ViTs (Vision Transformers)

Class of DL models that apply the transformer architecture, originally designed for natural language processing, to computer vision tasks.
 

Vision Transformers are an innovative adaptation of the transformer architecture to the domain of image analysis. Instead of relying on the convolutional layers typically used in image processing, ViTs divide an image into patches and treat these patches as sequences of input data, similar to words in a sentence. This approach allows ViTs to leverage the self-attention mechanism of transformers, enabling the model to focus on the most informative parts of an image across all patches. ViTs are particularly noted for their scalability and ability to perform well with larger datasets and increased computational power, achieving state-of-the-art results on many benchmark image recognition tasks.

Historical Overview: The concept of Vision Transformers was introduced in 2020 with a paper titled "An Image is Worth 16x16 Words: Transformers for Image Recognition at Scale" by researchers at Google.
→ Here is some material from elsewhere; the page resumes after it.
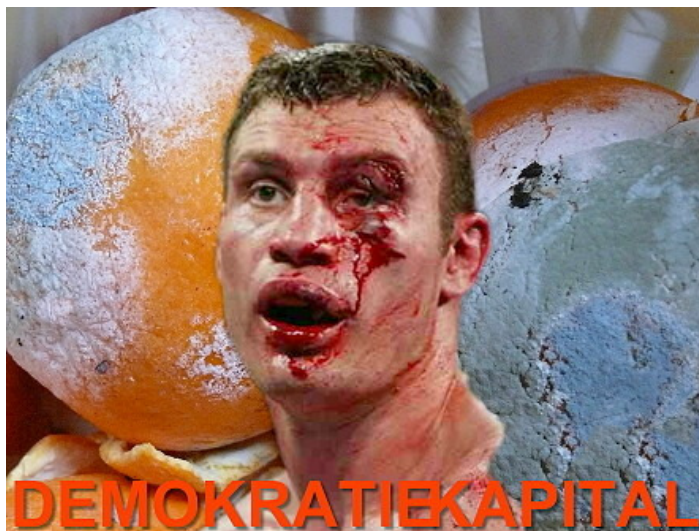
Vitali Klitschko – das „DemokratieKapital“ für die neue Orange Revolution

In der Tradition der Arbeiterfotografie-Bewegung der Weimarer Republik, die vom deutschen Faschismus verboten wurde, sehen wir uns verpflichtet, Einhalt zu gebieten und zum eigenständigen und kritischen Denken aufzurufen! Die so genannte Freiheitsbewegung der Ukraine ist die Freiheitsbewegung des westlichen Kapitalismus und Militarismus im Kampf um neue Märkte und Einflussphären. Mit wirklicher Freiheit hat dies nichts zu tun. (af/gw)

The model quickly gained popularity within the AI community for its innovative approach and strong performance on standard image recognition benchmarks.

Key Contributors: The development of Vision Transformers was led by Alexey Dosovitskiy and his team at Google Research. This group played a crucial role in demonstrating the effectiveness of the transformer architecture outside its original application in natural language processing, paving the way for further research and application in various fields of computer vision.